Jedoch weiß ich nicht wie ich das anstellen soll.

Ich mache es mit der schmutzigen Variante, nähmlich mit einer for schleife...
Gibts dafür keine schönere Lösung?

Gruß
DJ_Mic


----------



## El_Rabbit (8. Mai 2012)

"cls" in windows "clear" in linux

fällt mir da spontan ein, wär das was?


----------



## Marco13 (8. Mai 2012)

Erstmal nicht. Die Ausgabe ist ein Stream, also eine Einbahnstraße. Es gibt Lösungen, die aber Plattformabhängig sind. Angefangen bei Bibliotheken wie JCurses, die sowas anbieten (wäre aber ein Overkill) bis zu Hacks, mit Runtime.exec unter windows "cls" und unter Linux "clear" auszuführen, aber... nichts "schönes". (Wie lang läuft eigentlich deine for-schleife? 25 mal?  Schonmal über ein GUI nachgedacht...?)


----------



## DJ_mic (8. Mai 2012)

Okay danke erstmal für die Antworten!

GUI dauert für mich etwas länger, habe am Freitag Abgabe Termin.

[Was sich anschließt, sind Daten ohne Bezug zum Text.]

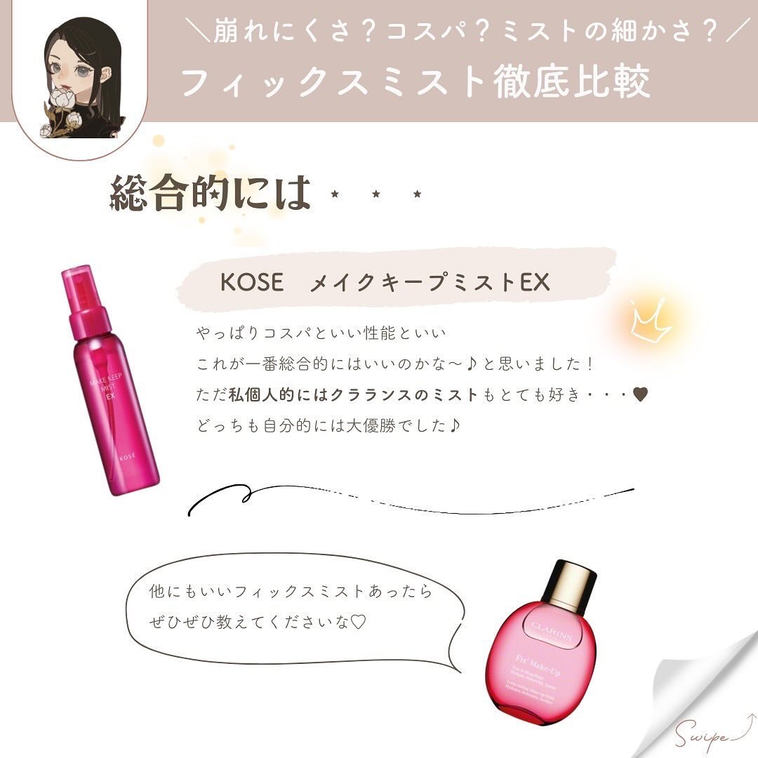 フィックスミストを6種類 色々比較してまとめてみました♡ ぜひ保存してフィックスミスト買う時の 参考にしてみてくださいね♡ 崩れにくさは勿論、 デザインの可愛さ コスパの良さ ミストの細かさ 香り などなど...人によって求める物は様々ですよね💭
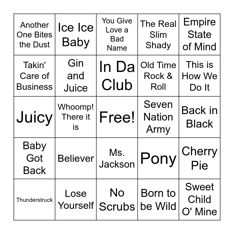 This bingo card has a free space and 40 words: Rapper's The Delight, Juicy, California Love, Gin and Juice, Lose Yourself, Ms. Jackson, In Da Club, Gold Digger, Empire State of Mind, Baby Got Back, Whoomp! There it is, The Real Slim Shady, Sweet Child O' Mine, Back in Black, Seven Nation Army, Believer, You Shook Me All Night Long, Another One Bites the Dust, We are the Champions, You Give Love a Bad Name, Cherry Pie, Born to be Wild, Old Time Rock & Roll, Takin' Care of Business, More than a Feeling, No Diggity, Poison, Say My Name, Yeah!, Ain't No Mountain High, I Love Rock 'N Roll, Thunderstruck, Jump Around, Pony, This is How We Do It, No Scrubs, Killing Me Softly With His Love, Black Betty, Ice Ice Baby and Shoop.
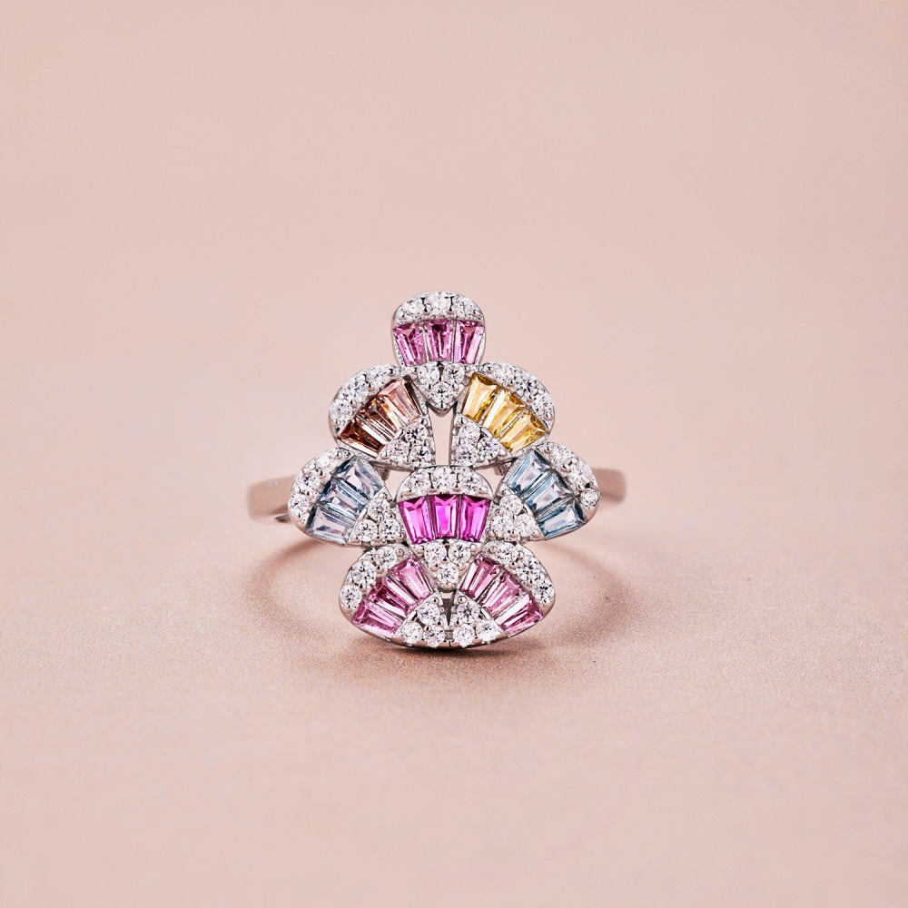 925 Sterling Silver Colorful Zirconia Flower Solitaire Ring 70200193
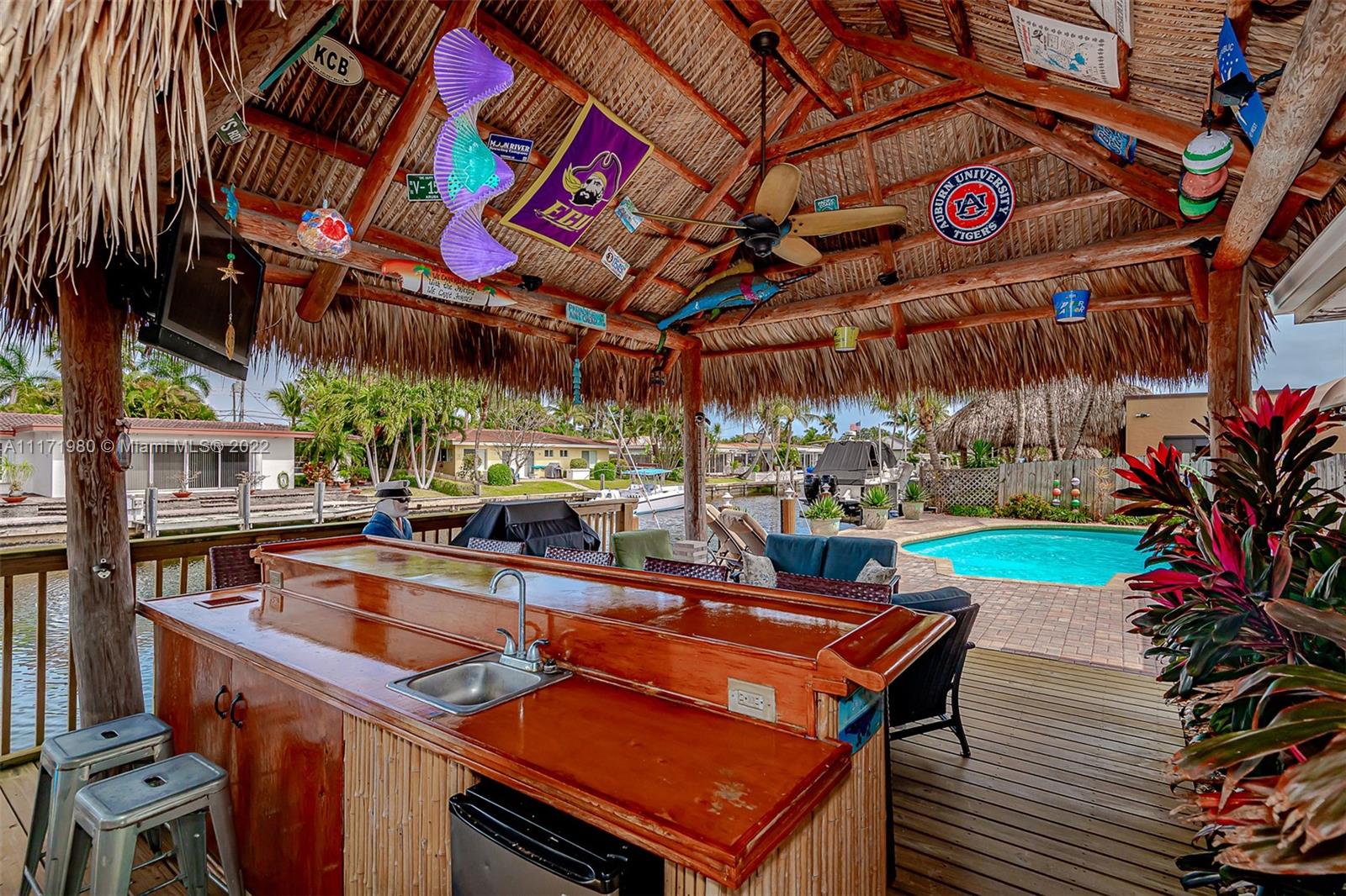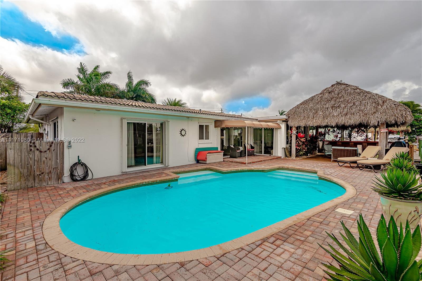 Resort living in your own private pool home with beautiful landscaping. Ocean access, 2 fixed bridges, the brand new 5th Ave bridge is now the same height as Federal Highway bridge. The backyard was made for entertaining, with the heated swimming pool and 14 x 16 Tiki hut with built in bar. Open Floor plan with canal views. The kitchen is updated and has stainless steel appliances and granite countertops. This is a large 2 bedroom, with a space to add small bedroom or office. Large laundry room. 1 car garage, you can park a car in. Great location close to I95, restaurants, beaches, and shopping. Check back Saturday for more photos.
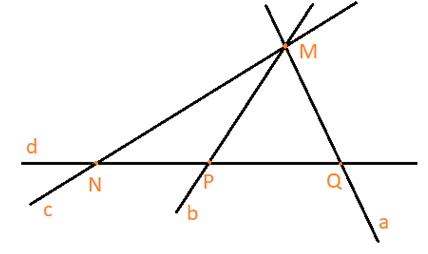 c) Các đường thằng a, b, c sao cho a đi qua hai điểm M và Q, b đi qua hai điểm M và P, c đi qua hai điểm M và N.
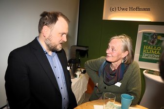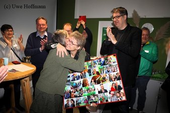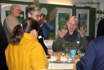 Zu den Gratulanten, der früheren Kreissprecherin, gehörten neben den derzeitigen Kreisverbandssprechern Dr. Antje Töpfer und Frank Voßnacker auch Landessprecher Clemens Rostock, der mit Petra Budke bereits 2014 bis 2019 Landesprecher und 2019 bis 2024 Landtagsmitglied war und der Brandenburger Bundestagsabgeordneter Michael Kellner.
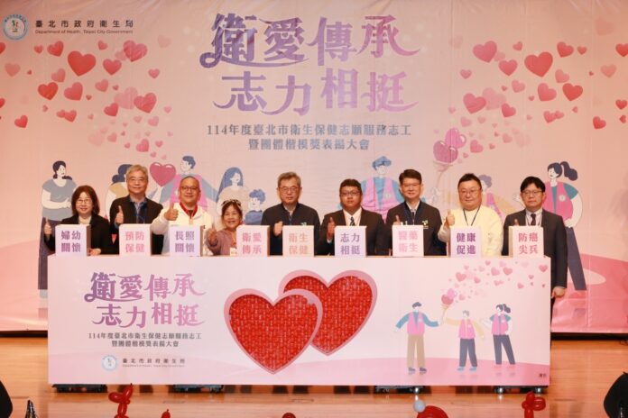 臺北市政府衛生局於12月16日假臺北市政府市政大樓2樓親子劇場,舉辦「114年度臺北市衛生保健志願服務志工暨團體楷模獎表揚大會」。今年以「衛愛傳承 志力相挺」為主題,肯定志工長期投入衛生保健服務工作,更感謝資深志工的經驗分享與智慧傳承,讓更多市民加入志願服務行列,貢獻一己之力。臺北市李泰興秘書長代表臺北市政府向所有志工致上誠摯感謝,並鼓勵市民加入志工行列,同心協力打造溫馨活力城市。
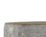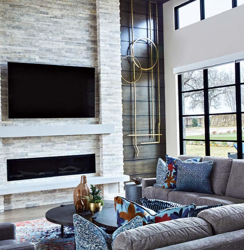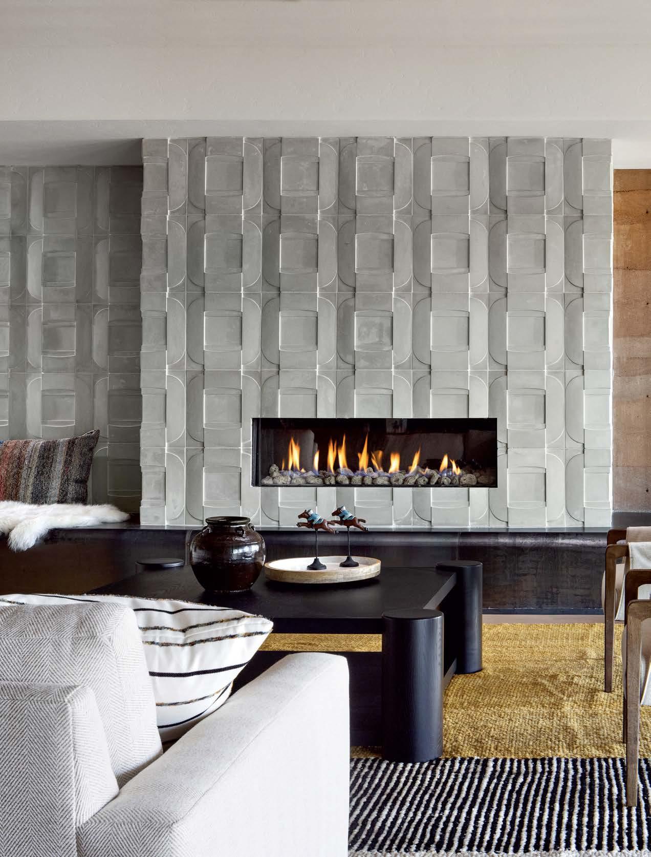 Textural Arto concrete cladding lines the family room’s fireplace surround. Four Hands chairs and a Rowe Furniture sectional flank a Dowel coffee table atop a Pampa rug; the corner accent chair is Lee Industries. Ben Steele art adds a lighthearted touch.

Habe aber in der For schleife nun if abfragen drinnen, also von daher habe ich es eigentlich gelöst 

Vielen dank!!!

Gruß
DJ_Mic


----------



## El_Rabbit (8. Mai 2012)

Beim googlen habe ich gerade den Tipp gelesen, man könnte probieren dieses ANSI Steuerzeichen auszugeben:

System.out.print("\033[2J");

Probier das mal, bei mir funzt es


----------



## KingOfExceptions (8. Mai 2012)

El_Rabbit hat gesagt.:


> Beim googlen habe ich gerade den Tipp gelesen, man könnte probieren dieses ANSI Steuerzeichen auszugeben:
> 
> System.out.print("\033[2J");
> 
> Probier das mal, bei mir funzt es



bei mir gehts nicht.


----------